Spunta qui un altro importante player di questa storia: la solitudine. Chi è catturato dallo smartphone, magari preso in un challenge o nella visione clandestina di una clip porno, è solo. In un saggio di un paio di anni fa (Solitudine. Il male oscuro delle società occidentali, Einaudi), Mattia Ferraresi (ben conosciuto ai lettori di questo giornale) ha dato una intensa e acuta analisi delle forme della solitudine d’oggi e delle riflessioni che ha stimolato presso sociologi, teologi e scrittori.
Una miriade di comportamenti dei giovani attuali (a partire dalle droghe) sono nuove forme di solitudine: dai selfie compulsivi di singoli (e singole) e gruppi, ai vari tipi di “branco” che si aggirano per le città, dinanzi alle scuole, nei luoghi di ritrovo, alla presa di distanza dalla “pazza folla” per isolarsi into the wild, come suggeriva il film di Sean Penn del 2007, alla sessualizzazione di una quantità di comportamenti…

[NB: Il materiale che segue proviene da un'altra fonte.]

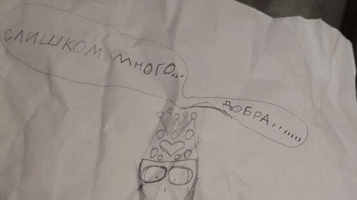 Это было прикреплено в комментарии, под какой-то статьей, тогда видемо пропустила. Вообще рисунок вашей дочери, скорее похож на рисунок-тест "Несуществующее животное". Давайте сначала по фразе вашей дочери - вот сама по себе фраза "слишком много добра" - вроде бы на первый взгляд безобидная. Но она может отражать чувство подавленности, указание на чрезмерную опеку, контроль, и какие-то моральные воспитательные требования - веди себя хорошо, будет хорошей девочкой, будь паинькой и так далее). Так...

Alla propensione a isolarsi ha dato una spinta cruciale l’avvento della mediasfera, l’ambiente mediatizzato all’estremo in cui viviamo. Questa non serve banalmente per stabilire connessioni, ma opera a livelli più profondi e drammatici: sostituisce la realtà vera con una apparente, scambia il reale con il fake, riesce perfino a far sembrare un gioco quella che è una sfida mortale.

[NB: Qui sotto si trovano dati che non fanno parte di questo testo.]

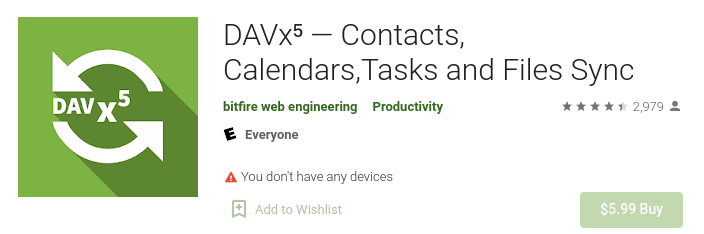 - DAVx5 est gratuit quand il est installé depuis le magasin d'applications F-droid et payant depuis les autres magasins d'applications, afin de soutenir ce projet open source.

I filosofi la chiamano Ersatz “sostituzione”, ma non si tratta di un esercizio filosofico. È una svolta nella visione generale del mondo, che si va radicando capillarmente soprattutto nella mente di chi è privo di strumenti per capire ciò che gli accade, come i giovani e giovanissimi, gli esclusi, gli abbandonati e gli ingenui, e che fino a questo momento sembra produrre solamente effetti catastrofici.